Stored items from a collection
——————
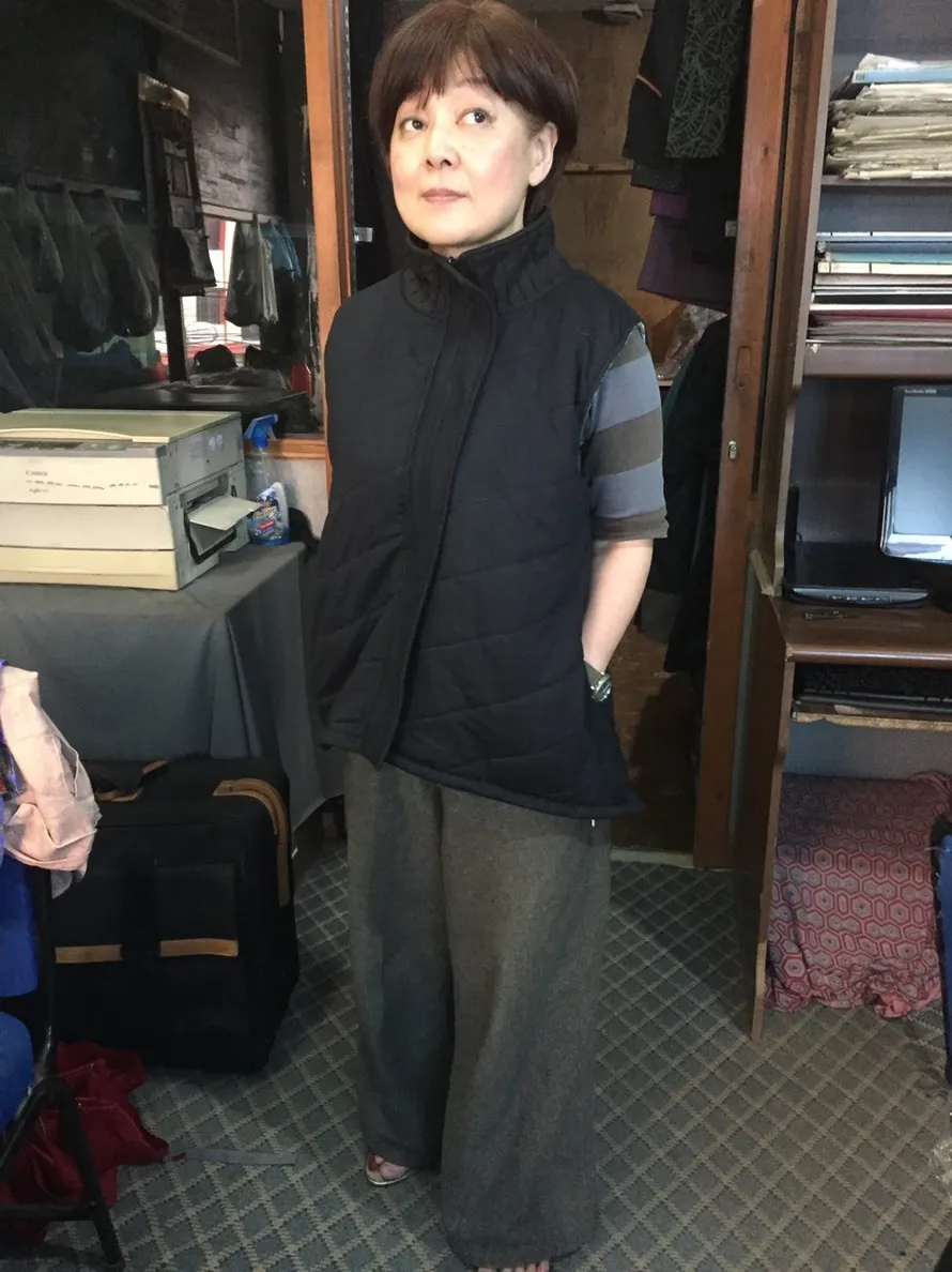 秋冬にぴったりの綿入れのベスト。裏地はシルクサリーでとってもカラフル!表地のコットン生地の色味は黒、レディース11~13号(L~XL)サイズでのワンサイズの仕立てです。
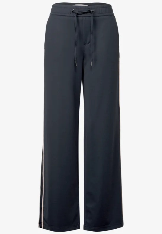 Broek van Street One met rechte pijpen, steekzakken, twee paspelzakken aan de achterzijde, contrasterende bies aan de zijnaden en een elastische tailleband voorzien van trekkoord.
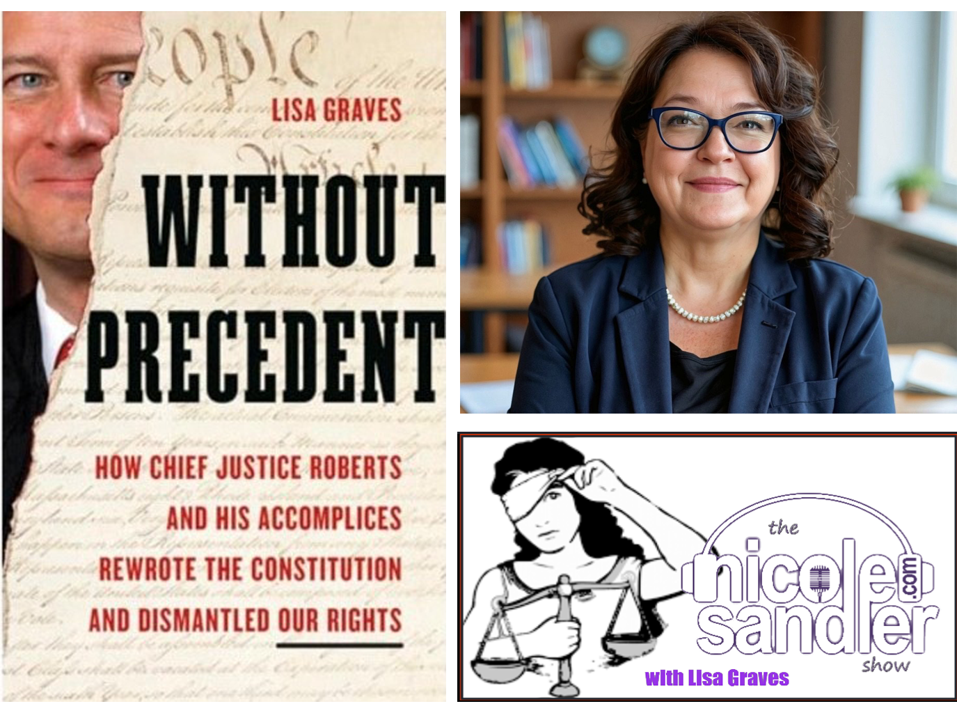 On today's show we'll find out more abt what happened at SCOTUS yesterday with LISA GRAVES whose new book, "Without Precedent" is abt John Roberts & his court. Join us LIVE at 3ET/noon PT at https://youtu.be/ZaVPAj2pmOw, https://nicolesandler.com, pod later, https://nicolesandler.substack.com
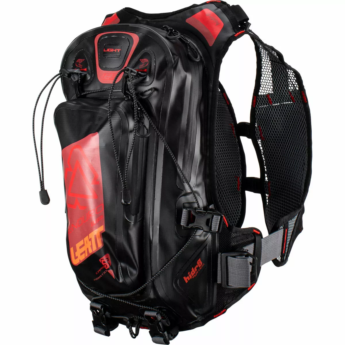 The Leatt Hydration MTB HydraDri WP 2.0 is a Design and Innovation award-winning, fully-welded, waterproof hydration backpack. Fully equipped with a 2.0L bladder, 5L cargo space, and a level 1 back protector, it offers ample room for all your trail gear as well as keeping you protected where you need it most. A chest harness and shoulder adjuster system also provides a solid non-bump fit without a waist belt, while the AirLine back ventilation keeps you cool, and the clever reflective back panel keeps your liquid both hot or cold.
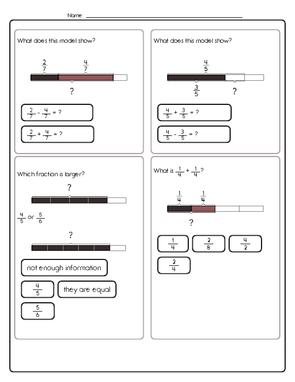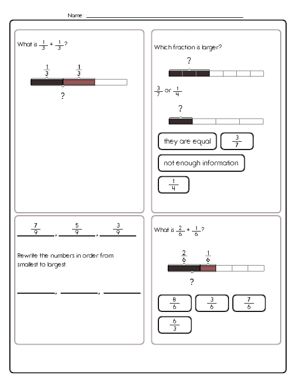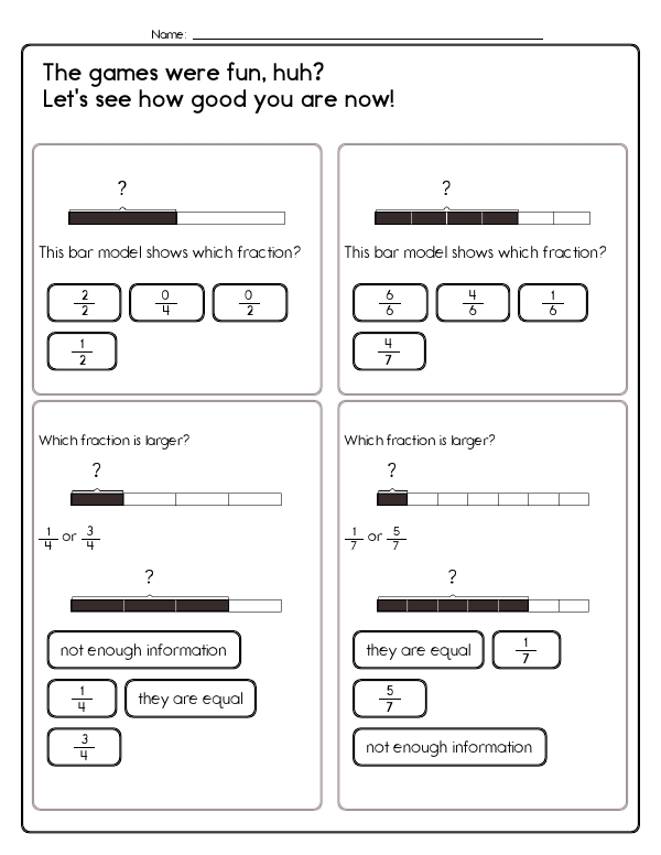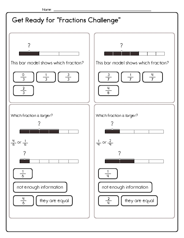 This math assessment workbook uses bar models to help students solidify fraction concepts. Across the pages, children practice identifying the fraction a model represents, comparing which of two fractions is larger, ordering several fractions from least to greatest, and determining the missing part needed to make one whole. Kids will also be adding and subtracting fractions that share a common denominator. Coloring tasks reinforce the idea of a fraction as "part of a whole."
——————
** Your objective **
Copy the final stretch of lines, starting at the one that holds "The Leatt Hydration" and ending at the last line of the data, exactly; omit pictures.

** Task output **
 The Leatt Hydration MTB HydraDri WP 2.0 is a Design and Innovation award-winning, fully-welded, waterproof hydration backpack. Fully equipped with a 2.0L bladder, 5L cargo space, and a level 1 back protector, it offers ample room for all your trail gear as well as keeping you protected where you need it most. A chest harness and shoulder adjuster system also provides a solid non-bump fit without a waist belt, while the AirLine back ventilation keeps you cool, and the clever reflective back panel keeps your liquid both hot or cold.
 This math assessment workbook uses bar models to help students solidify fraction concepts. Across the pages, children practice identifying the fraction a model represents, comparing which of two fractions is larger, ordering several fractions from least to greatest, and determining the missing part needed to make one whole. Kids will also be adding and subtracting fractions that share a common denominator. Coloring tasks reinforce the idea of a fraction as "part of a whole."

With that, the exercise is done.